Diversity is critical.
He announced how the appreciation of cultural affairs is 307 billion dollars CalSTRS has rethought its approach to investing. Chris Ailman, the fund’s chief investment officer, said diversity in an organization is critical to supporting better decision-making and delivering better results for fund members.
“The best way I can put it is if all of your employees were hired from the same university or business school, you’d probably be a little worried,” Aylman says.
“And then they’re all the same. Let’s say they all come from one part of Australia. It is not very different. It doesn’t matter if they are of different nationalities. You look at that and you say, ‘Well, it’s close to groupthink and I’m a little worried about that.’
“And that’s how we’ve tried to approach this from an investment perspective, which is, diversity leads to better diversity, better ideas.
“There’s a reason it’s called Lehman Brothers, not Lehman Sisters or the Lehman Family.
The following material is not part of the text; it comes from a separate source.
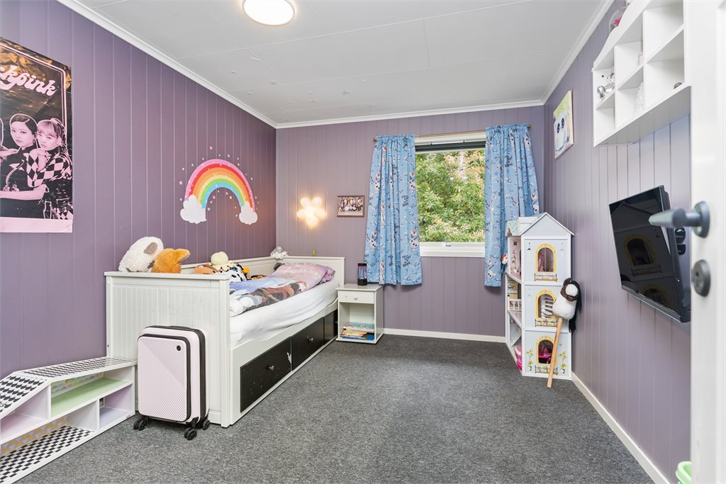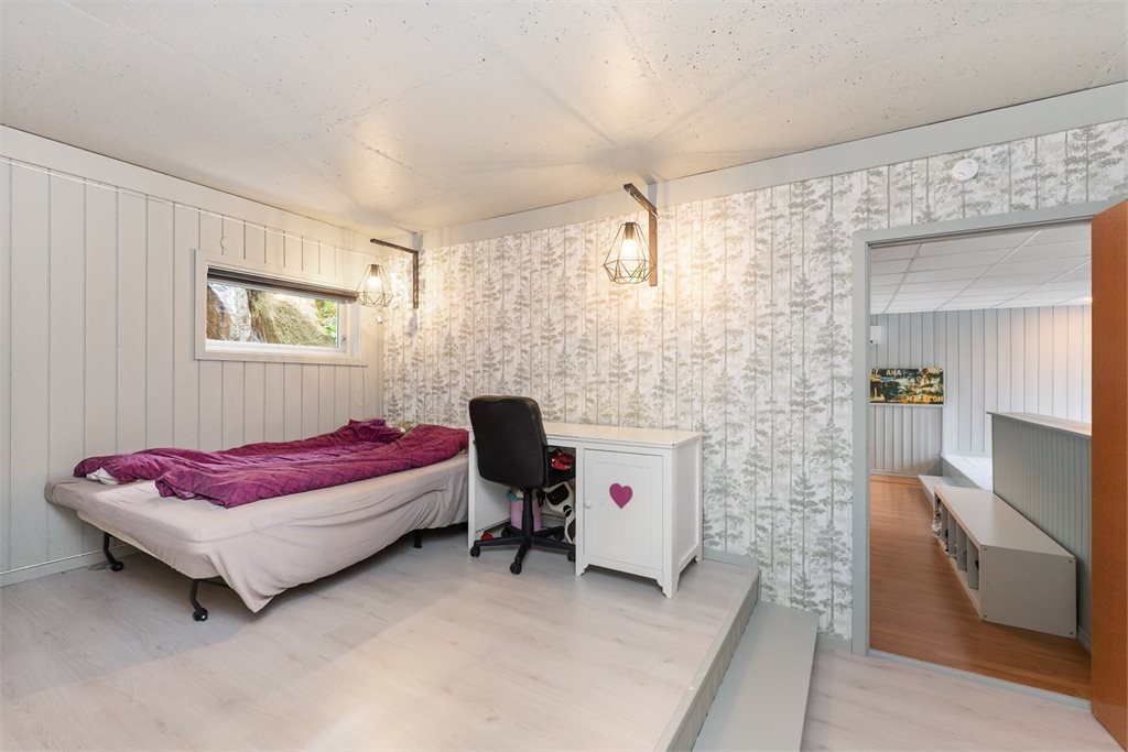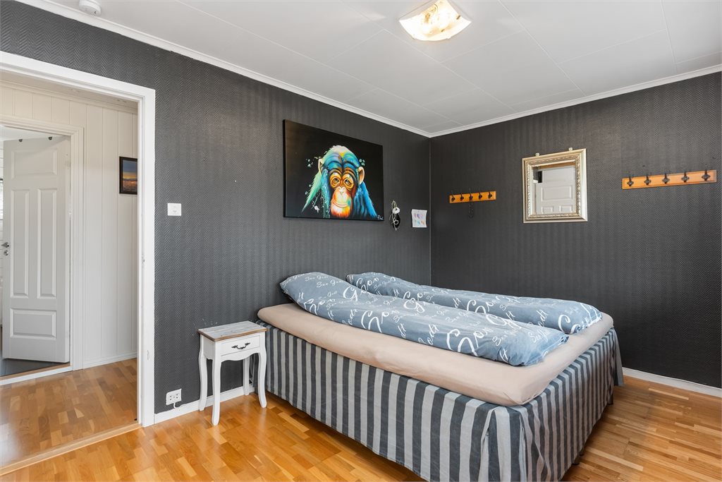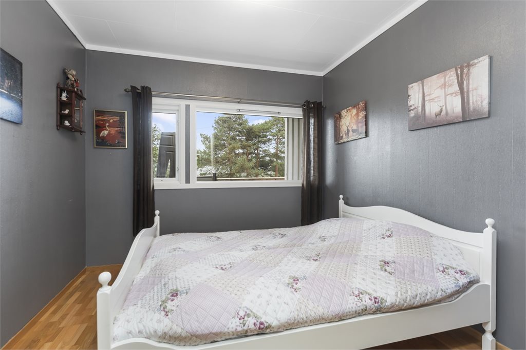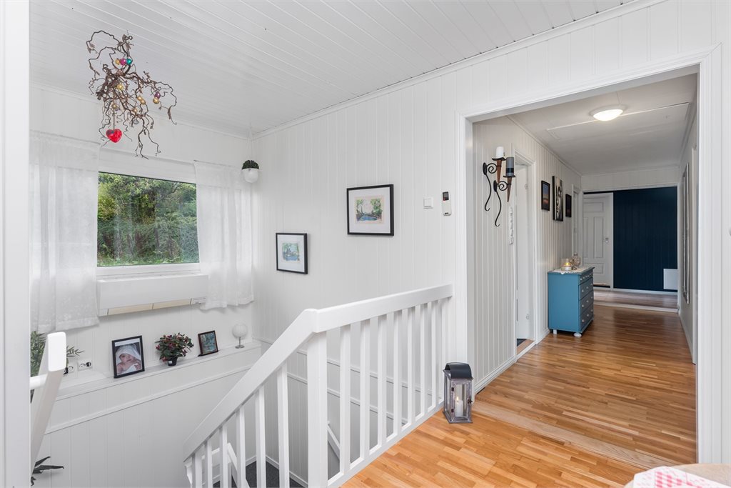 - I hovedetasjen er deler av stuen i dag entrè, trappegang blir brukt som soverom og et av soverommene er betegnet som kontor.

I often tell people, just think of your families. Things are often debated before a decision is made. And that’s what you want in the investment process.
“You want someone who can look at things from different angles and really argue. We know from biology and human psychology that people think differently. And that’s a good thing.
“So instead of having everyone else, picture me — pale, male, and old — and think of a little ABCD-1-2-3 line pattern, what I’m looking for is different, different backgrounds, different schools, and think about it differently.
“And boy, we have that. And it leads to lively debates, which are good because I think it leads to better investment decisions. It doesn’t mean we eliminate all risks, but when you meet people from different backgrounds, you know for sure that they look at things in different ways.
You get what you pay for
Rubin says CPP aims to align salary and compensation structures with the concept of being a single investment entity, but that has some obvious challenges. It is not always clear how the efforts of an individual contribute to the results of the entire enterprise. Some object to the idea that their compensation can be based on the performance of others in the organization like themselves. Sometimes non-monetary rewards can produce the desired results.
“Historically, people have expressed a limited ability to touch and see how their efforts are moving the total fund,” he said.
“It can be difficult in a large organization [to define] I think this line of sight, this motivational and corrective movement, and drive around what you’re trying to achieve is generally very important. Com is a piece of it.
“It’s not going to be perfect, and some of it is more reward than compensation – it might just be that people in the culture are really rewarded; or success stories; or congratulatory emails; or are the promotions focused on what makes the company a better investor, or are they narrowly focused on what’s happening elsewhere?” Is it around people focused on L?
“I think we have to do all of that, and the com will be a big piece.”